◆ What you are asked to do ◆
Exclude all pictures. Then restate, word for word, the entries from the first line through the line that contains "账号系统作为一家企业的核心系".

◆ Source material ◆
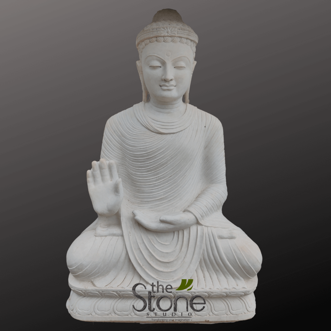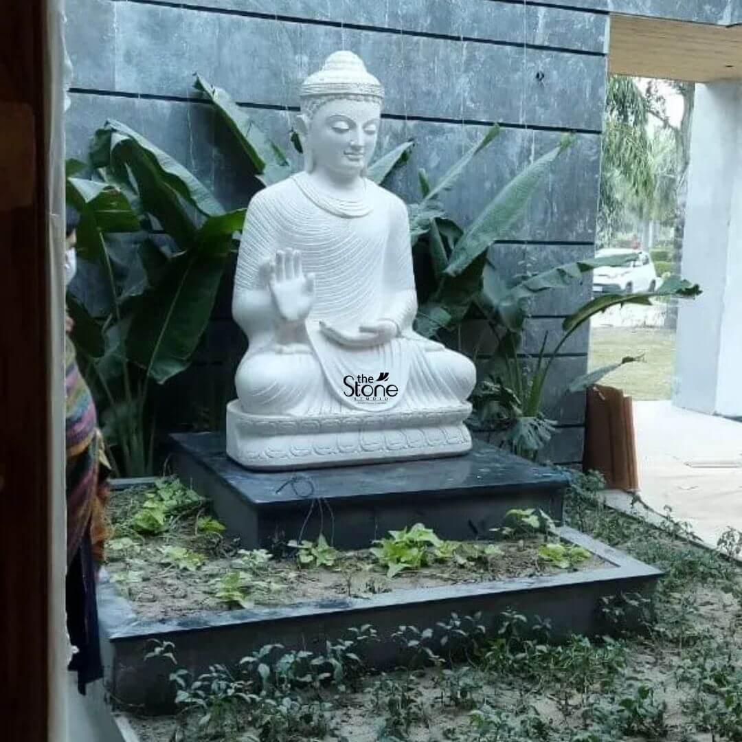 The material used in it is white Sand Stone. This sculpture is wonderfully crafted by our best artisans. For more such statues browse our website. If you still don’t get what you want, our artisans will craft your specified designs of the Gautam Buddha big statue with utmost care and love.
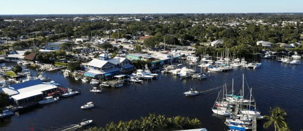A picturesque bay in Port Salerno that includes restaurants, bait shops, marinas, and a bustling art center.
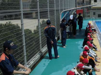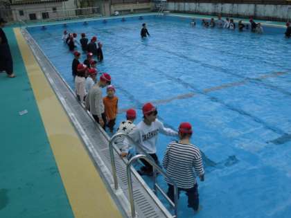 19日(水)に、左京消防署、修学院第二消防分団のご協力をいただき、6年生が着衣水泳を体験しました。
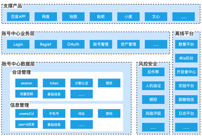 账号系统作为一家企业的核心系统,承载着日益增长的业务需求。以百度为例,简化的结构如下:
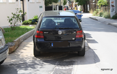 Δείτε στη φωτό πάνω τον οδηγό του μαύρου GOLF πως έχει παρκάρει στη συμβολή των οδών Κακαρά και Αγγελάτου, πάνω στο πεζοδρόμιο. Και να φανταστείτε ότι 50 μέτρα πιο κάτω υπάρχουν δύο πάρκινγκ!

◆ Response ◆
 The material used in it is white Sand Stone. This sculpture is wonderfully crafted by our best artisans. For more such statues browse our website. If you still don’t get what you want, our artisans will craft your specified designs of the Gautam Buddha big statue with utmost care and love.
A picturesque bay in Port Salerno that includes restaurants, bait shops, marinas, and a bustling art center.
 19日(水)に、左京消防署、修学院第二消防分団のご協力をいただき、6年生が着衣水泳を体験しました。
 账号系统作为一家企业的核心系统,承载着日益增长的业务需求。以百度为例,简化的结构如下:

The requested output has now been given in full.